The task: Skip the pictures and copy all the data that follows exactly.

Data for analysis:

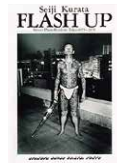
倉田精二 写真集 “FLASH UP” (サイン本) 白夜書房, 1980年
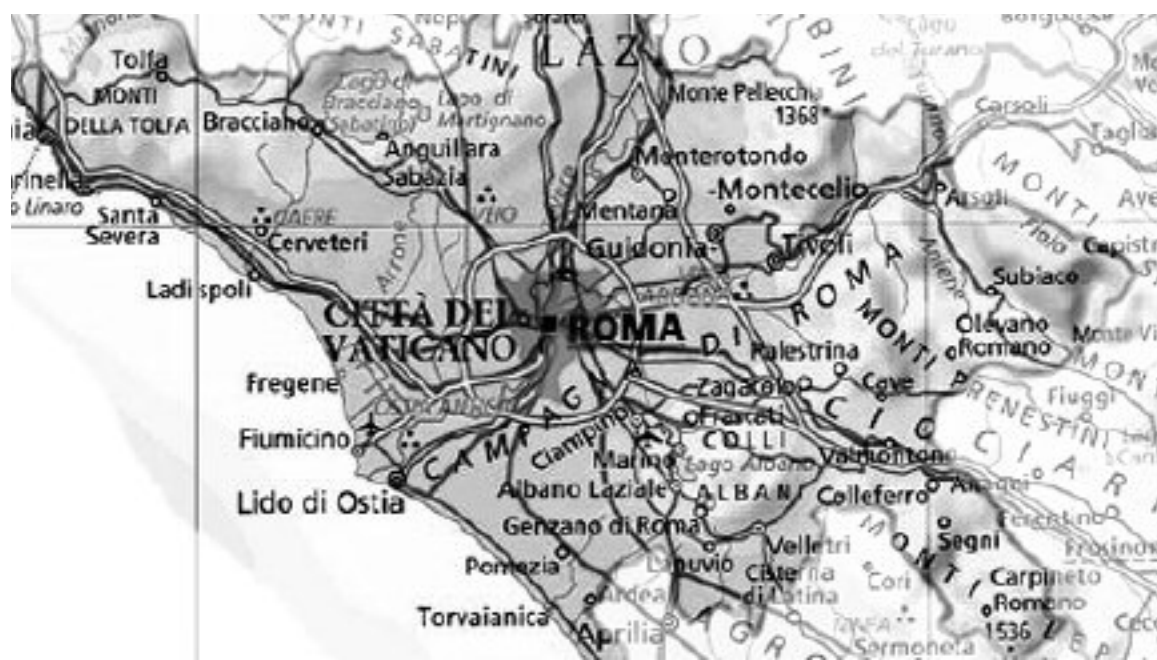
Il territorio rientrante nella Provincia di Roma

Nella zona a sud, nei Castelli e nei Prenestini notevole è la produzione delle castagne (rinomati i
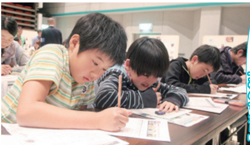
来て!見て!学ぼう! 「夢のちから」
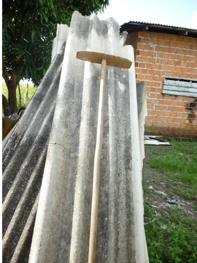
Imagem 9: Rodo – instrumento para mexer a farinha durante a torra
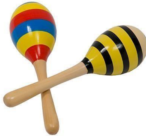
Slika 8. Zvečke
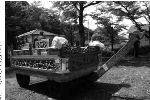
土出地区の曳き山車

このたび、片品村では、平成22年度コミュニティ助成事業の助成を受け土出地区お祭り用品(曳き山車)を購入しました。 この事業は(財)自治総合センターの行っている事業でコミュニティ活動を促進し、その健全な発展を図るとともに、宝くじの普及広報事業を行うために、自治宝くじの収益金の一部が助成されるものです。 土出地区の行事に積極的に活用され、地域の連帯感や、自治意識の向上に役立てて頂きたいと思っております。
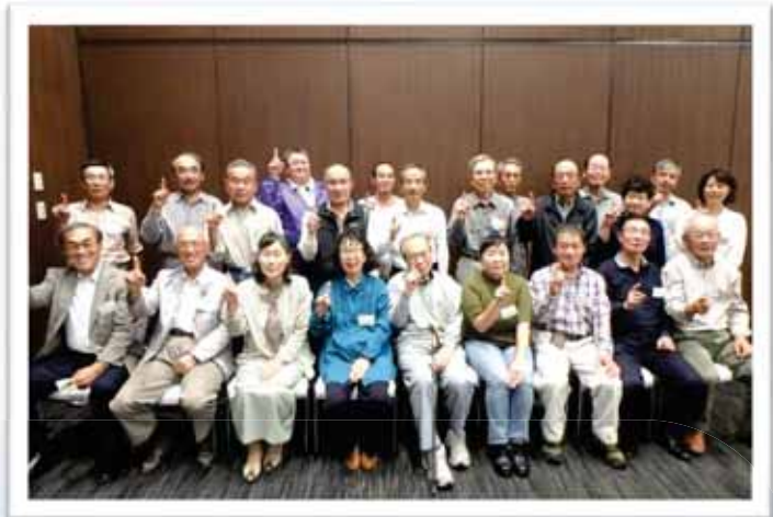
<< 東部会場 >>

10月5日(水)と19日(水)に、県内2会場で地域別推進員勉強会を開催しました。勉強会ではまず、9月に山口市で開催された「中国・四国ブロック合同推進員研修会」に県内から参加した11名の推進員の方から、研修会の報告がありました。他県の推進員から刺激を受けたこと、新たに学んだことなど、今後活かせる成果を発表していただきました。
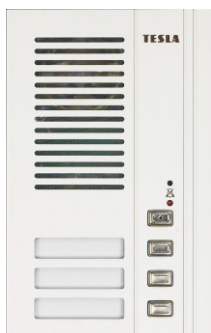
Modul EV3 - 4FN 230 13 - 3 vyzváněcí tlačítka - tlačítko pro podsvit
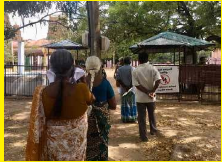
யாழ்ப்பாணம் நல்லூர் ஆலயத்துக்கு நேற்றைய தினம் பக்தர்கள் வரிசையிலேயே அனுமதிக்கப்பட்டனர். (ஒ)
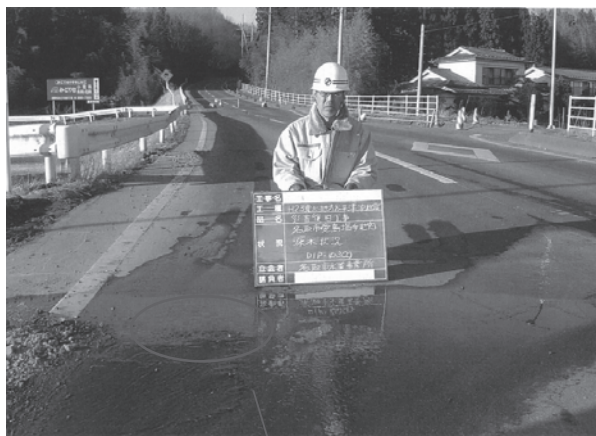
配水管からの漏水状況
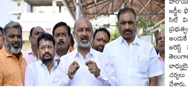
చేశారు. దేశ భద్రత కోసం చేసే ట్యాపింగ్ కు, తెలంగాణలో జరిగిన అక్రమ ట్యాపింగ్ కు అన్నలు సంబంధం లేదని ఆయన స్పష్టం చేశారు. గత ప్రభుత్వ హయాంలో మాఝంపల్లె పేరు చెప్పి

హైదరాబాద్: ఫోన్ ట్యాపింగ్ కేసు విచారణ సాగుతున్న తీరుపై కేంద్రమంత్రి బండీ సంజయ్ ఘాటూగా స్పందించారు. ఈ విచారణ అంతా ఒక ముగింపు లేని టీవీ సీరియల్ లా సాగుతోందని ఆయన ఎద్దేవా చేశారు. కరీంనగర్ లో ఏర్పాటు చేసిన మీడియా సమావేశంలో ఆయన మాట్లాడుతూ.. కాంగ్రెస్ ప్రభుత్వం ఈ కేసు విషయంలో కేవలం నాటకాలు ఆడుతోందని, అసలైన నిందితులను పట్టుకోవడంలో వెనుకాడుతోందని విమర్శించారు. తప్పు చేసిన వారిని శిక్షించాలనే పట్టుదల ప్రభుత్వానికి లేదని ఆయన ఆరోపించారు. ఈ ఫోన్ ట్యాపింగ్ వ్యవహారంలో మాజీ మంత్రి కేటీఆర్ పాత్రపై సంజయ్ తీవ్ర విమర్శలు చేశారు. సిరిసిల్ల కేంద్రంగా అక్రమంగా ఫోన్లు ట్యాపింగ్ చేయారని, ఆయన చేసిన పనుల వల్ల ఎన్నో కుటుంబాలు రోడ్డున పడ్డాయని మండిపడ్డారు. దొంగ దొంగ అన్నట్లుగా కేటీఆర్ వ్యవహారం అధిచా

Expected output:
倉田精二 写真集 “FLASH UP” (サイン本) 白夜書房, 1980年
Il territorio rientrante nella Provincia di Roma

Nella zona a sud, nei Castelli e nei Prenestini notevole è la produzione delle castagne (rinomati i
来て!見て!学ぼう! 「夢のちから」
Imagem 9: Rodo – instrumento para mexer a farinha durante a torra
Slika 8. Zvečke
土出地区の曳き山車

このたび、片品村では、平成22年度コミュニティ助成事業の助成を受け土出地区お祭り用品(曳き山車)を購入しました。 この事業は(財)自治総合センターの行っている事業でコミュニティ活動を促進し、その健全な発展を図るとともに、宝くじの普及広報事業を行うために、自治宝くじの収益金の一部が助成されるものです。 土出地区の行事に積極的に活用され、地域の連帯感や、自治意識の向上に役立てて頂きたいと思っております。
<< 東部会場 >>

10月5日(水)と19日(水)に、県内2会場で地域別推進員勉強会を開催しました。勉強会ではまず、9月に山口市で開催された「中国・四国ブロック合同推進員研修会」に県内から参加した11名の推進員の方から、研修会の報告がありました。他県の推進員から刺激を受けたこと、新たに学んだことなど、今後活かせる成果を発表していただきました。
Modul EV3 - 4FN 230 13 - 3 vyzváněcí tlačítka - tlačítko pro podsvit
யாழ்ப்பாணம் நல்லூர் ஆலயத்துக்கு நேற்றைய தினம் பக்தர்கள் வரிசையிலேயே அனுமதிக்கப்பட்டனர். (ஒ)
配水管からの漏水状況
చేశారు. దేశ భద్రత కోసం చేసే ట్యాపింగ్ కు, తెలంగాణలో జరిగిన అక్రమ ట్యాపింగ్ కు అన్నలు సంబంధం లేదని ఆయన స్పష్టం చేశారు. గత ప్రభుత్వ హయాంలో మాఝంపల్లె పేరు చెప్పి

హైదరాబాద్: ఫోన్ ట్యాపింగ్ కేసు విచారణ సాగుతున్న తీరుపై కేంద్రమంత్రి బండీ సంజయ్ ఘాటూగా స్పందించారు. ఈ విచారణ అంతా ఒక ముగింపు లేని టీవీ సీరియల్ లా సాగుతోందని ఆయన ఎద్దేవా చేశారు. కరీంనగర్ లో ఏర్పాటు చేసిన మీడియా సమావేశంలో ఆయన మాట్లాడుతూ.. కాంగ్రెస్ ప్రభుత్వం ఈ కేసు విషయంలో కేవలం నాటకాలు ఆడుతోందని, అసలైన నిందితులను పట్టుకోవడంలో వెనుకాడుతోందని విమర్శించారు. తప్పు చేసిన వారిని శిక్షించాలనే పట్టుదల ప్రభుత్వానికి లేదని ఆయన ఆరోపించారు. ఈ ఫోన్ ట్యాపింగ్ వ్యవహారంలో మాజీ మంత్రి కేటీఆర్ పాత్రపై సంజయ్ తీవ్ర విమర్శలు చేశారు. సిరిసిల్ల కేంద్రంగా అక్రమంగా ఫోన్లు ట్యాపింగ్ చేయారని, ఆయన చేసిన పనుల వల్ల ఎన్నో కుటుంబాలు రోడ్డున పడ్డాయని మండిపడ్డారు. దొంగ దొంగ అన్నట్లుగా కేటీఆర్ వ్యవహారం అధిచా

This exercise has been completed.